*What the exercise asks*: Find "6月25日,網(wǎng)商銀行董事長井賢棟(左)在開業(yè)儀式上獲頒中華人民共和國金融許可證。記者 鞠煥宗 攝", then copy its line and every later line of the entries exactly through the end, leaving all pictures out.

(Data for this exercise Opens)

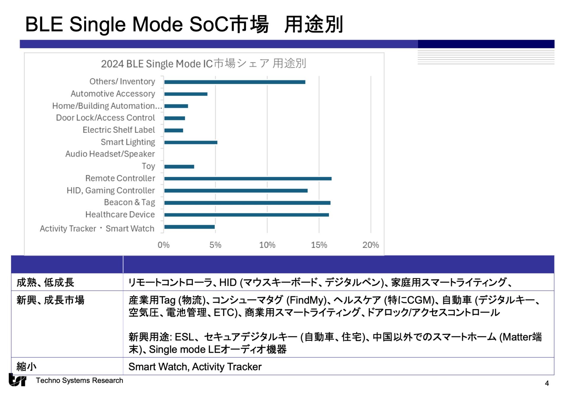 BLE Single Mode SoCの用途別内訳(成熟 / 成長 / 縮小)
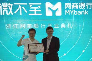 6月25日,網(wǎng)商銀行董事長井賢棟(左)在開業(yè)儀式上獲頒中華人民共和國金融許可證。記者 鞠煥宗 攝 |
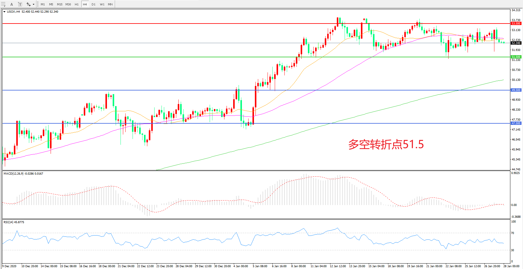 交易策略:在51.50之上看涨,目标53.50 57.00
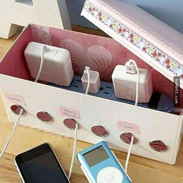 ▼每個人的家裡一定都有某處電線特別凌亂的地方,但是其實只要在鞋盒上挖上幾個電線出孔,就能將電線全都收納在內,讓客廳變得美觀許多!
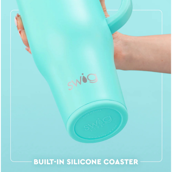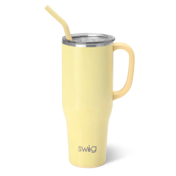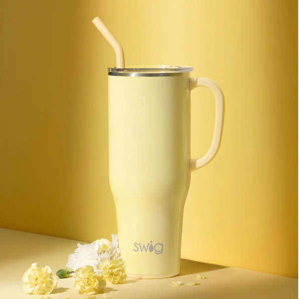 Hydrating has never been easier with our 40oz Insulated Mega Mug! A cup holder-friendly frame, a comfort-grip handle, and a plastic straw with a silicone flexi-tip all come together to create your new favorite Swig.

(Data for this exercise Closes)

*Exercise output*:
 6月25日,網(wǎng)商銀行董事長井賢棟(左)在開業(yè)儀式上獲頒中華人民共和國金融許可證。記者 鞠煥宗 攝 |
 交易策略:在51.50之上看涨,目标53.50 57.00
 ▼每個人的家裡一定都有某處電線特別凌亂的地方,但是其實只要在鞋盒上挖上幾個電線出孔,就能將電線全都收納在內,讓客廳變得美觀許多!
 Hydrating has never been easier with our 40oz Insulated Mega Mug! A cup holder-friendly frame, a comfort-grip handle, and a plastic straw with a silicone flexi-tip all come together to create your new favorite Swig.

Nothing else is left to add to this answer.